Is there any chance you'd expand on that? I'm curious to know your thoughts.
I’ve heard this exact argument about VHDL versus Verilog, with the former being explicitly based on Ada’s syntax and the latter being explicitly based on C’s. (Turns out though that VHDL is also strictly better than at least traditional Verilog, as it requires separate interface specifications which lead to improved modularity.)
If anyone were to actually try to create “Ada: The Next Generation” I’d encourage you to just go all the way to S-expressions. Focus on the completeness and correctness of _the system_ and stop worrying about superficial complaints—or brush them off with a suggestion that they can use any syntax they want and just translate it to the standard one via tree-walking.
I think of it a bit like rat's nest wiring vs. nice neat labelled cable looms.
I'll use this chance to say that I'm a fan of Ada's declarative blocks, which you could say are part of its syntax. There's a lot to like about Ada, and I'd encourage anyone interested in bare-metal programming to give it a try. Even if you don't intend to use it long-term, there's a lot of good language design ideas in Ada that can be learned from.
To address a sibling comment alleging that I'd rather it look like C, that's not necessarily true. I know this is much more controversial, but I'm actually more of a fan of Python's syntax.
I always felt that repeating myself to the compiler (down to `procedure subprogram is begin`…`end subprogram`) or otherwise being verbose was something of a feature in the vein of defense in depth than the syntax not aging well. It never seemed to me like it was meant to impose clarity on the code, just that you were meant to file your subprograms and types in triplicate. It's useful as a backstop against trying to do things quickly instead of doing them deliberately.
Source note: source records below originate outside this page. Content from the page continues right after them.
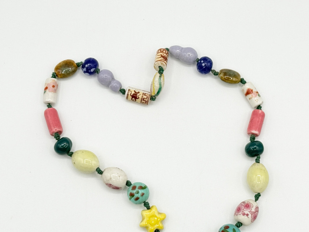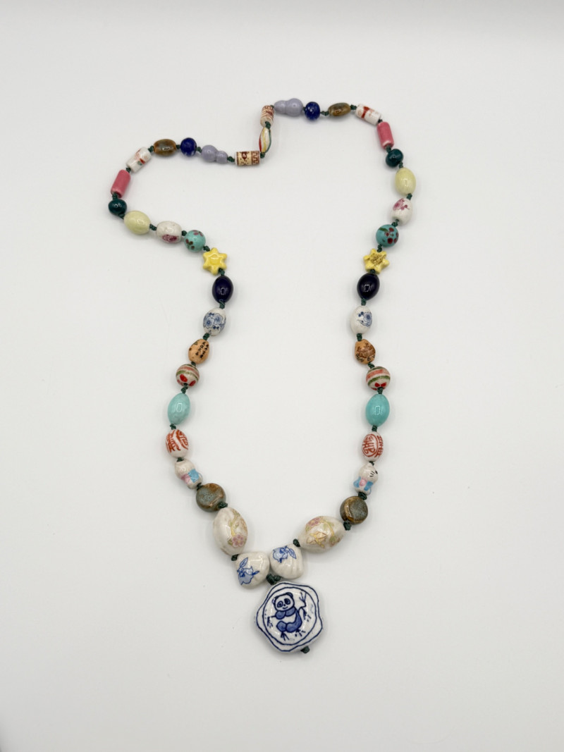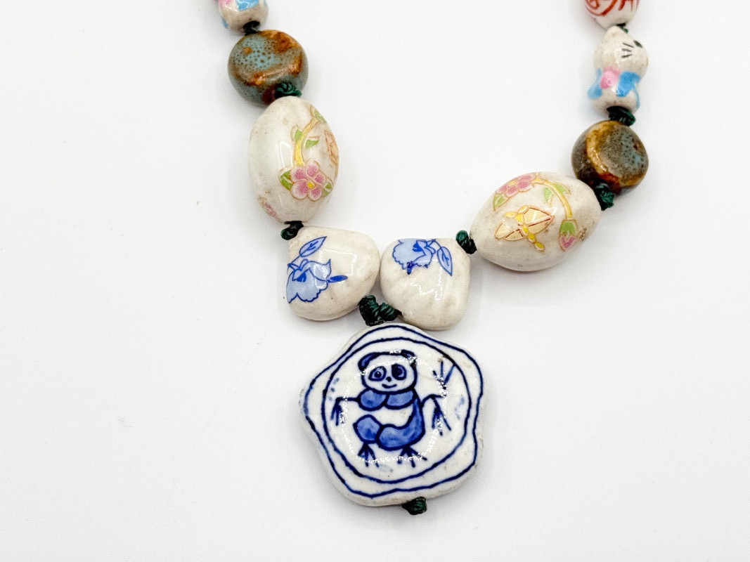 Chinese Porcelain Beaded Lariat Necklace w/ Panda Pendant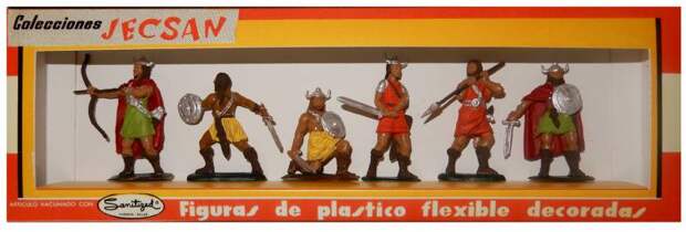 Правда, сейчас начался новый выпуск солдатиков под этим брендом. То же можно сказать и о испанской компании «Jecsan», в 50-80 гг. ХХ века лидера производства солдатиков в Испании наряду с «Reamsa». В набор викингов Jecsan входило 12 фигурок, цветных, из резины, при этом в тот период шлемы были съемными. Все воины, производимые с 1959 г., имели размер 60 мм. Впоследствии стали выпускаться из одноцветного пластмасса, а затем ПВХ. Конечно, все они были с рогами, «потребитель» бы не понял другого вида викингов.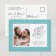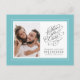 Adicione sua foto de noivado favorita e anuncie a data do seu casamento com nosso cartão-postal clássico de Save The Date em aqua azul-esverdeado e branco! O design apresenta caligrafia elegante e escrita em cinza carvão sobre um fundo branco nítido, colocado em uma moldura aqua acentuada por uma delicada borda branca. Personalize o design do casamento na frente com sua foto, primeiros nomes, local e data em letras e escrita cinza carvão. O verso do cartão combina em branco com escrita cinza carvão e tem detalhes adicionais, incluindo seu endereço de retorno e site ou outro texto personalizado. Para obter melhores resultados, corte a foto com um editor de fotos primeiro e substitua o texto do modelo pelos seus detalhes, em seguida, siga as instruções na área do modelo. Se precisar de ajuda com este ou qualquer um dos nossos designs, envie um e-mail para invitationsuites@gmail.com. Solicitações personalizadas são aceitas com prazer.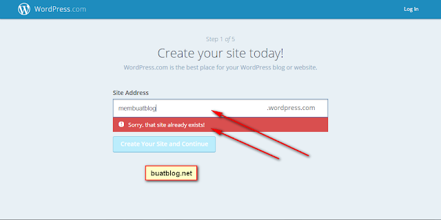 Dan pastikan nama alamat blog yang Anda pilih masih tersedia, jika tidak silahkan cari lagi hingga alamat blog tersedia. Nah jika sudah tersedia silahkan klik pada Create Your Site And Continue. Contoh gambar di atas menunjukkan alamat blog tidak tersedia dan contoh gambar dibawah ini adalah alamat blog yang tersedia.
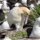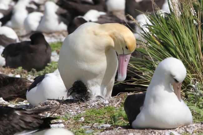 A male short-tailed albatross protects his chick. As of 2010, the short-tailed albatross population is estimated to be 1,200 birds. Of these, the total number of breeding age birds is thought to be approximately 600 birds. Image taken from USFWS Pacific Region Flickr page.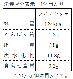 砂糖(国内製造)、バター、液卵白(卵を含む)、アーモンドパウダー、小麦粉、還元水飴、蜂蜜、食塩/膨張剤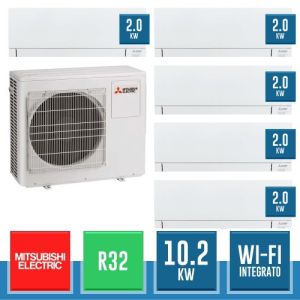 Set pentasplit Mitsubishi Electric in classe A++, dotato di DC Inverter e pompa di calore in R32, composto dall'unità esterna multisplit MXZ-5F102VF da 10.2 kW e da 5 unità interne a parete MSZ-AY20VGKP da 2.0 kW con Wi-Fi integrato.

At least, Ada's use of verbosity stands in stark contrast to COBOL, which does have the explicit aim to make things clear.
I'm mostly of the same mind as you in re Python's (and Haskell's and F#'s) whitespace-oriented ways of doing things, at least until the real world creeps in. I've had problems with early block termination because of mixed tabs and spaces that weren't readily apparent, and the language's toolchain wasn't particularly helpful in diagnosing them, leading me to lean on external tools. (COBOL at least has the heritage of being column-oriented, so indentation being significant is less problematic there.)